Linearity means the map respects the vector space structure—it preserves addition and scalar multiplication. This has profound consequences: (1) A linear map is completely determined by its action on a basis, (2) Linear maps can be represented by matrices, (3) Composition of linear maps is linear, (4) The set of linear maps forms a vector space itself, (5) Many important operations (differentiation, integration, expected value) are linear.

How do I check if a function is linear?

Method 1: Verify both properties separately: (a) T(u + v) = T(u) + T(v) for all u, v (additivity), and (b) T(αv) = αT(v) for all scalars α and vectors v (homogeneity). Method 2: Verify the combined condition: T(αu + βv) = αT(u) + βT(v) for all scalars α, β and vectors u, v. Quick check: If T(0) ≠ 0, then T is NOT linear.

Can linear maps between infinite-dimensional spaces be represented by matrices?

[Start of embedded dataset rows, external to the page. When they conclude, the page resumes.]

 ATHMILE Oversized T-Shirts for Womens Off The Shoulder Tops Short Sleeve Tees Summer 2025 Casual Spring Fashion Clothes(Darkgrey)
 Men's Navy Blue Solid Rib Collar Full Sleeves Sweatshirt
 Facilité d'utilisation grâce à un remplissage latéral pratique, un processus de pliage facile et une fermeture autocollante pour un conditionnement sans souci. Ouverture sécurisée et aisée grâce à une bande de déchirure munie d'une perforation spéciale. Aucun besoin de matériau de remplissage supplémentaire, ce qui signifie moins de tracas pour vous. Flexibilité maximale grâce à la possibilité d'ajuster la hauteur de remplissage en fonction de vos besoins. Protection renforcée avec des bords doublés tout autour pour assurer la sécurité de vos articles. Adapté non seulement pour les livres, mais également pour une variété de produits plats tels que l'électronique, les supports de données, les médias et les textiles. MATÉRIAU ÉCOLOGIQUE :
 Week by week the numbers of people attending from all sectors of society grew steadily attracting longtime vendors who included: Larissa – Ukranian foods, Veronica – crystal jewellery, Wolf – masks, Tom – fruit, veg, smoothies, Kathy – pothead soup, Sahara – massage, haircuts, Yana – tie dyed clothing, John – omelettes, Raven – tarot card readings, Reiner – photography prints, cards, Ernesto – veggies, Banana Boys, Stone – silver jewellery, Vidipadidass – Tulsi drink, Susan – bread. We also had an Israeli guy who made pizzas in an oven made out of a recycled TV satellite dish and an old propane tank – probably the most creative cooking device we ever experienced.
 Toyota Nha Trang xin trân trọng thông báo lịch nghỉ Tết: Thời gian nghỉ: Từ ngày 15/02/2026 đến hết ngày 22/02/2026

Not in the usual finite sense. For infinite-dimensional spaces, you would need 'infinite matrices,' but these require careful handling of convergence. In functional analysis, continuous linear maps between Banach or Hilbert spaces are studied using operator theory, which generalizes the finite-dimensional theory.

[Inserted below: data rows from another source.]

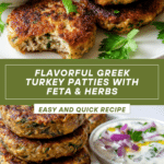 These Savory Greek Turkey Patties are a flavorful and healthy take on a classic dish, featuring lean ground turkey combined with fresh spinach, red onion, garlic, dill, oregano, and creamy feta cheese. Perfectly pan-seared to golden perfection, these patties make a delicious and vibrant meal that brings the authentic flavors of Greek cuisine to your table in just 23 minutes.
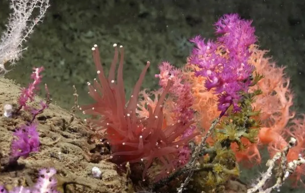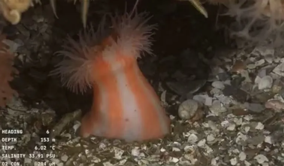 - Una anémona de rayas blancas y rojas, distinta a las habituales, que fue bautizada como “anémona en pijama”. Algunas especies alcanzan entre 1,25 centímetros y 2 metros de diámetro.
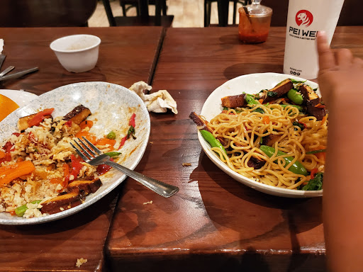 pei weds food is good if they make what you order, which they seldom do correctly. I ordered again the Sesame Chicken with Extra Veges and Quinoa. Well, once again there was very little chicken, no pea pods whatsoever, tons of carrots, huge pieces of onion and it was just gross. This is not the first or second time this has happened. Now, my husbands which cost $1 more because of shrimp was fine. All the right veggies in proportion. How hard is it for an asian restaurant to make sesame chicken? REALLY!!!!!!
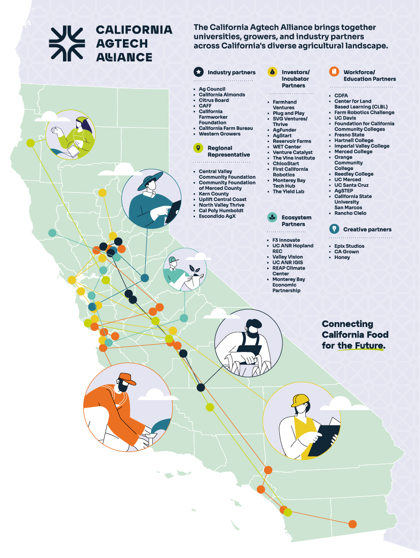 The California AgTech Alliance unites nine regions, hundreds of innovators, and thousands of workers to build the world’s most inclusive and climate-smart agricultural innovation ecosystem.
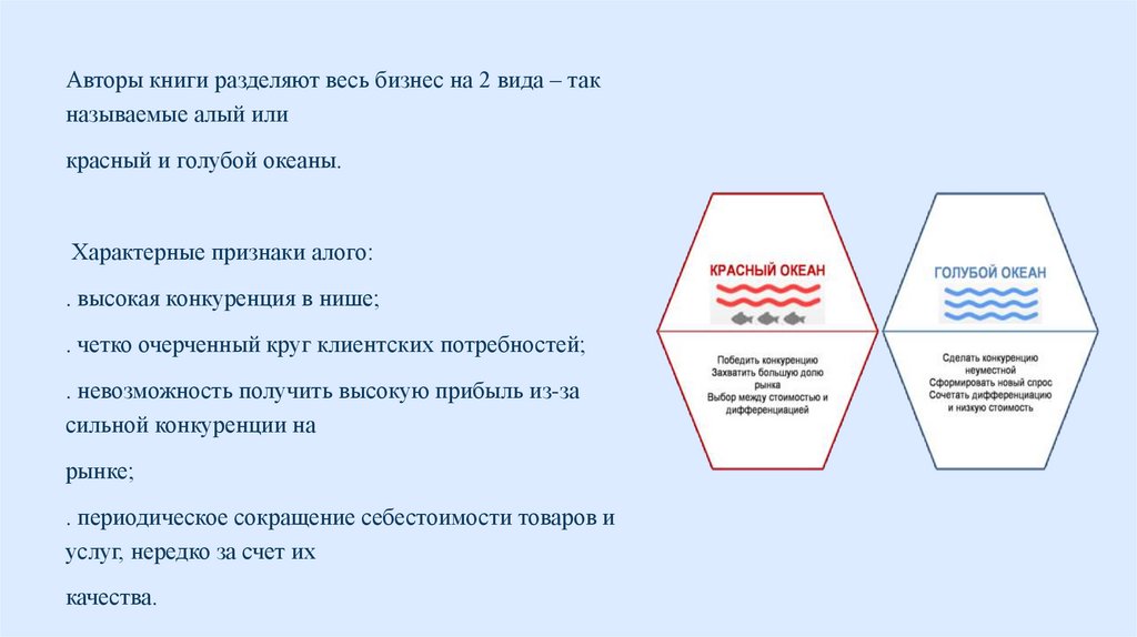 Авторы книги разделяют весь бизнес на 2 вида – такназываемые алый или

What are some common non-examples of linear maps?

Common non-linear maps include: (1) Translation: f(x) = x + c for c ≠ 0 (fails T(0) = 0), (2) Squaring: f(x) = x² (not homogeneous), (3) Absolute value: f(x) = |x| (not homogeneous), (4) Determinant: det(cA) = c^n det(A) ≠ c·det(A) for n > 1, (5) Any function with a constant term.

Why must linear maps preserve the zero vector?

This follows from homogeneity: T(0) = T(0·v) = 0·T(v) = 0. This is a useful quick test: if T(0) ≠ 0, the map is definitely NOT linear.

What is a linear functional?

A linear functional (or linear form) is a linear map from a vector space V to its scalar field F: f: V → F. Examples include evaluation at a point f(p) = p(a), integration f(g) = ∫g(x)dx, and trace tr(A). Linear functionals form the dual space V*.

How does the dimension formula dim(ℒ(V,W)) = mn arise?

A linear map T: V → W is completely determined by its values on a basis of V. If dim(V) = m and dim(W) = n, then T(vⱼ) can be any vector in W for each basis vector vⱼ. We need n scalars for each of m basis vectors, giving mn degrees of freedom total.

Is the composition of linear maps always defined?

No! For S ∘ T to be defined, the codomain of T must equal the domain of S. If T: V → W and S: W → U, then S ∘ T: V → U is defined and linear. But if the spaces don't match, composition is undefined.

Can a linear map take linearly independent vectors to linearly dependent vectors?

Yes! For example, T(x, y) = (x + y, x + y) takes the independent set {(1, 0), (0, 1)} to the dependent set {(1, 1), (1, 1)}. Linear maps preserve dependence but not necessarily independence.